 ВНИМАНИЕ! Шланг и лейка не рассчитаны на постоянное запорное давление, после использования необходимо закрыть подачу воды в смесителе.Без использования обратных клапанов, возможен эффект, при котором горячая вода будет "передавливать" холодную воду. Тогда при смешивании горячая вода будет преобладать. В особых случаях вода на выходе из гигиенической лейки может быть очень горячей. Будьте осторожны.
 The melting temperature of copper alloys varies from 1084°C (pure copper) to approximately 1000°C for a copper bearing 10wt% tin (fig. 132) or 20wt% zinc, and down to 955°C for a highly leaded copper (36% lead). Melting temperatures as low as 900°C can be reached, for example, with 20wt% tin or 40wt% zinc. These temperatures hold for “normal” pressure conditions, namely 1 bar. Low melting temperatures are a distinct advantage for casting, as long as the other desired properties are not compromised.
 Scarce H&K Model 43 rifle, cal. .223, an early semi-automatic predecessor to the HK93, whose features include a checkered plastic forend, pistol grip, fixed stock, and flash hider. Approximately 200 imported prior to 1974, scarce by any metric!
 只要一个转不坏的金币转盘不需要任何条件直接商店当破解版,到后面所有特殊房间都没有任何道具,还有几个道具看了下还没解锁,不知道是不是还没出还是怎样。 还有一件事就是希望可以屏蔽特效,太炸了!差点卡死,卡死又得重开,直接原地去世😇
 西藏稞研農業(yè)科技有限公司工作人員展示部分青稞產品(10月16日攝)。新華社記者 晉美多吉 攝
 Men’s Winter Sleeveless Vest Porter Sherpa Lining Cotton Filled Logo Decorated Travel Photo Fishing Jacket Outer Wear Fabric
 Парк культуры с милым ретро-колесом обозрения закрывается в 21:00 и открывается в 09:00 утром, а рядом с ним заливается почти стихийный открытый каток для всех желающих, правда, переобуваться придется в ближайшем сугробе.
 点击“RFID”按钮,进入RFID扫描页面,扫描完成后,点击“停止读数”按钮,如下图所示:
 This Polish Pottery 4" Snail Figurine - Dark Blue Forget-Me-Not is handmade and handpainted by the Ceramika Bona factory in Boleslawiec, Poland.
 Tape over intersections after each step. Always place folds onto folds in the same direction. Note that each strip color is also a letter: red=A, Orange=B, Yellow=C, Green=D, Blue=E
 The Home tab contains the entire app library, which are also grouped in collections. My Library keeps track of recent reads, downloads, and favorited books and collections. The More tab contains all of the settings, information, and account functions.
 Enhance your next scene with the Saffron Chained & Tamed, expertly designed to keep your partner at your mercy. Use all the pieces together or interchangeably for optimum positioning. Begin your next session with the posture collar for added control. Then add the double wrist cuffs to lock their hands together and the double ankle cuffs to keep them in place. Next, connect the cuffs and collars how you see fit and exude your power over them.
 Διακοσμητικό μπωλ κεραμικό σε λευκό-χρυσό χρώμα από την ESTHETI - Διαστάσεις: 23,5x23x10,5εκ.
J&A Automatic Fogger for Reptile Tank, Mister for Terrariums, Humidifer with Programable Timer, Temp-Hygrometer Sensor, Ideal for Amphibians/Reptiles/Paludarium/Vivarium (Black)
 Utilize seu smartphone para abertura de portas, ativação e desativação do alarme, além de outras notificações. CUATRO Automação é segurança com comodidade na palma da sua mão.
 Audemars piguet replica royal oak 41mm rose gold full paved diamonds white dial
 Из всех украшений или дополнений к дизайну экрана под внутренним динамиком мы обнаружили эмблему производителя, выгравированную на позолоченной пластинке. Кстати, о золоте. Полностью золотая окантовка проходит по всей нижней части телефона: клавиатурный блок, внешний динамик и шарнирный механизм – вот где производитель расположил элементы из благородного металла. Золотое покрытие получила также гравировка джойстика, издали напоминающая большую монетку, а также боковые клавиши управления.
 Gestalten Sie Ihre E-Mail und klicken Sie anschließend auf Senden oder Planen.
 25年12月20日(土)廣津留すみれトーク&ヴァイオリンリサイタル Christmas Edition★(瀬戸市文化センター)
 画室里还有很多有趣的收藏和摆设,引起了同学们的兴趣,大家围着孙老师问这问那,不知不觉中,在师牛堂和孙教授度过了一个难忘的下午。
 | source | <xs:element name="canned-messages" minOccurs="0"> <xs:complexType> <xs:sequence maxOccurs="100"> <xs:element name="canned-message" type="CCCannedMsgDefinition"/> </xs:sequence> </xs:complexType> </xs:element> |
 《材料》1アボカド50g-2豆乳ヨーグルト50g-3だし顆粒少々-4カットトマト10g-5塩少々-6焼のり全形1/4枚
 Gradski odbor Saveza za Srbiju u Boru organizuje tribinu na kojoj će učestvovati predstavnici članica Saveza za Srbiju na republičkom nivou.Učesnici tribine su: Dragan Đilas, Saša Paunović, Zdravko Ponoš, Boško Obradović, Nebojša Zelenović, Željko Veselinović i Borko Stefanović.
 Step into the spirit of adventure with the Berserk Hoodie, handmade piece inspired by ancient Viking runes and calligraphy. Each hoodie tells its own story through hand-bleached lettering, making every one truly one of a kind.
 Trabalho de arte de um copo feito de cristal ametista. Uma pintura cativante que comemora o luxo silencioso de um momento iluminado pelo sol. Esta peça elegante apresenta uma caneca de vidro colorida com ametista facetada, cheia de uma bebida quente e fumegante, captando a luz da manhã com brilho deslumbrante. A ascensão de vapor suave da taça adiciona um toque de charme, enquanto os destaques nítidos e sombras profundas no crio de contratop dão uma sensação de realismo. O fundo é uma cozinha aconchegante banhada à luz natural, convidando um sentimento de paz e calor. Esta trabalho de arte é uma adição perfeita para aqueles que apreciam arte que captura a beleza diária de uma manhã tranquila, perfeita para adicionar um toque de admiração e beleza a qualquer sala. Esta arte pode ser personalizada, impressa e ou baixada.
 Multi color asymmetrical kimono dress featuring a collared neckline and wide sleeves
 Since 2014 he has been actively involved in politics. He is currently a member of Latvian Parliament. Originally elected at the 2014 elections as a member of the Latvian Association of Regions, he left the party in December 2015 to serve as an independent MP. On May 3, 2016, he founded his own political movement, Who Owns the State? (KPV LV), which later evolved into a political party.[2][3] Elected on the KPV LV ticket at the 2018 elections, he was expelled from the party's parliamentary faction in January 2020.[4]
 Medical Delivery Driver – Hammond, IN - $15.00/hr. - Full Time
____________________
> About this exercise:
Extract exactly the lines between the line containing "Trabalho de arte de" and the end of the data, including both.

> Written answer:
 Trabalho de arte de um copo feito de cristal ametista. Uma pintura cativante que comemora o luxo silencioso de um momento iluminado pelo sol. Esta peça elegante apresenta uma caneca de vidro colorida com ametista facetada, cheia de uma bebida quente e fumegante, captando a luz da manhã com brilho deslumbrante. A ascensão de vapor suave da taça adiciona um toque de charme, enquanto os destaques nítidos e sombras profundas no crio de contratop dão uma sensação de realismo. O fundo é uma cozinha aconchegante banhada à luz natural, convidando um sentimento de paz e calor. Esta trabalho de arte é uma adição perfeita para aqueles que apreciam arte que captura a beleza diária de uma manhã tranquila, perfeita para adicionar um toque de admiração e beleza a qualquer sala. Esta arte pode ser personalizada, impressa e ou baixada.
 Multi color asymmetrical kimono dress featuring a collared neckline and wide sleeves
 Since 2014 he has been actively involved in politics. He is currently a member of Latvian Parliament. Originally elected at the 2014 elections as a member of the Latvian Association of Regions, he left the party in December 2015 to serve as an independent MP. On May 3, 2016, he founded his own political movement, Who Owns the State? (KPV LV), which later evolved into a political party.[2][3] Elected on the KPV LV ticket at the 2018 elections, he was expelled from the party's parliamentary faction in January 2020.[4]
 Medical Delivery Driver – Hammond, IN - $15.00/hr. - Full Time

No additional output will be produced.